Fluid as a cat, Vittoria was in and out of his pocket once again. The gun glinted in her hand. Then, in absolute silence, as if her feet never touched the cobblestone, she was circling left in the shadows, arching across the square to approach the couple from the rear. Langdon stood transfixed as Vittoria disappeared. Then, swearing to himself, he hurried after her.

The couple was moving slowly, and it was only a matter of half a minute before Langdon and Vittoria were positioned behind them, closing in from the rear. Vittoria concealed the gun beneath casually crossed arms in front of her, out of sight but accessible in a flash. She seemed to float faster and faster as the gap lessened, and Langdon battled to keep up. When his shoes scuffed a stone and sent it skittering, Vittoria shot him a sideways glare. But the couple did not seem to hear. They were talking.

At thirty feet, Langdon could start to hear voices. No words. Just faint murmurings. Beside him, Vittoria moved faster with every step. Her arms loosened before her, the gun starting to peek out. Twenty feet. The voices were clearer - one much louder than the other. Angry. Ranting. Langdon sensed it was the voice of an old woman. Gruff. Androgynous. He strained to hear what she was saying, but another voice cut the night.

"Mi scusi!" Vittoria's friendly tone lit the square like a torch.

Langdon tensed as the cloaked couple stopped short and began to turn. Vittoria kept striding toward them, even faster now, on a collision course. They would have no time to react. Langdon realized his own feet had stopped moving. From behind, he saw Vittoria's arms loosening, her hand coming free, the gun swinging forward. Then, over her shoulder, he saw a face, lit now in the street lamp. The panic surged to his legs, and he lunged forward. "Vittoria, no!"

Vittoria, however, seemed to exist a split second ahead of him. In a motion as swift as it was casual, Vittoria's arms were raised again, the gun disappearing as she clutched herself like a woman on a chilly night. Langdon stumbled to her side, almost colliding with the cloaked couple before them.

"Buona sera," Vittoria blurted, her voice startled with retreat.

Langdon exhaled in relief. Two elderly women stood before them scowling out from beneath their mantles. One was so old she could barely stand. The other was helping her. Both clutched rosaries. They seemed confused by the sudden interruption.

Vittoria smiled, although she looked shaken. "Dov'e la chiesa Santa Maria della Vittoria? Where is the Church of - "

The two women motioned in unison to a bulky silhouette of a building on an inclined street from the direction they had come. "e la."

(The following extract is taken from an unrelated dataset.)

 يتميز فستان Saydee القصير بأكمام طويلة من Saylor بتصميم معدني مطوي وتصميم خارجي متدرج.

"Grazie," Langdon said, putting his hands on Vittoria's shoulders and gently pulling her back. He couldn't believe they'd almost attacked a pair of old ladies.

"Non si puo entrare," one woman warned. "e chiusa temprano."

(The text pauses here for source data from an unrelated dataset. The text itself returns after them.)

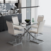 Strong Material and Proper Size: Our modern glass dining table is made of clear tempered glass and sliver legs, which are sturdy and durable while easy to clean. 4 PVC dining chairs are ergonomically designed to provide you with optimal comfort, with upholstered backs and soft padding for the best using experience. The overall size of the dining table is 31.5" x 47.24" x 29.5" and the chairs measure 25.5" x 16.5" x 38.5"
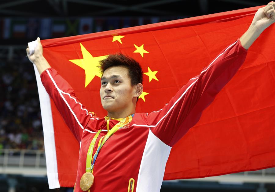 Sun Yang of China celebrates during the awarding ceremony of men's 200m freestyle swimming final at the 2016 Rio Olympic Games in Rio de Janeiro, Brazil, on Aug. 8, 2016. Sun Yang won the gold medal with 1 minute 44.65 seconds.(Xinhua/Ding Xu)
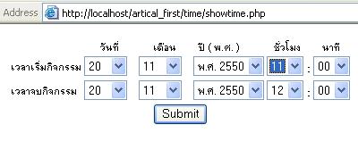 3. เมื่อสร้างนำไฟล์ทั้ง 2 ไฟล์ที่สร้างเสร็จแล้วเราก็เริ่มทดลองโปรแกรมได้เลยโดยเปิดหน้า showtime.php ดังรูป

"Closed early?" Vittoria looked surprised. "Perche?"

Both women explained at once. They sounded irate. Langdon understood only parts of the grumbling Italian. Apparently, the women had been inside the church fifteen minutes ago praying for the Vatican in its time of need, when some man had appeared and told them the church was closing early.

"Hanno conosciuto l'uomo?" Vittoria demanded, sounding tense. "Did you know the man?"

The women shook their heads. The man was a straniero crudo, they explained, and he had forcibly made everyone inside leave, even the young priest and janitor, who said they were calling the police. But the intruder had only laughed, telling them to be sure the police brought cameras.

Cameras? Langdon wondered.

The women clucked angrily and called the man a bar-аrabo. Then, grumbling, they continued on their way.

"Bar-аrabo?" Langdon asked Vittoria. "A barbarian?"

Vittoria looked suddenly taut. "Not quite. Bar-аrabo is derogatory wordplay. It means Аrabo... Arab."

Langdon felt a shiver and turned toward the outline of the church. As he did, his eyes glimpsed something in the church's stained-glass windows. The image shot dread through his body.

Unaware, Vittoria removed her cell phone and pressed the auto dial. "I'm warning Olivetti."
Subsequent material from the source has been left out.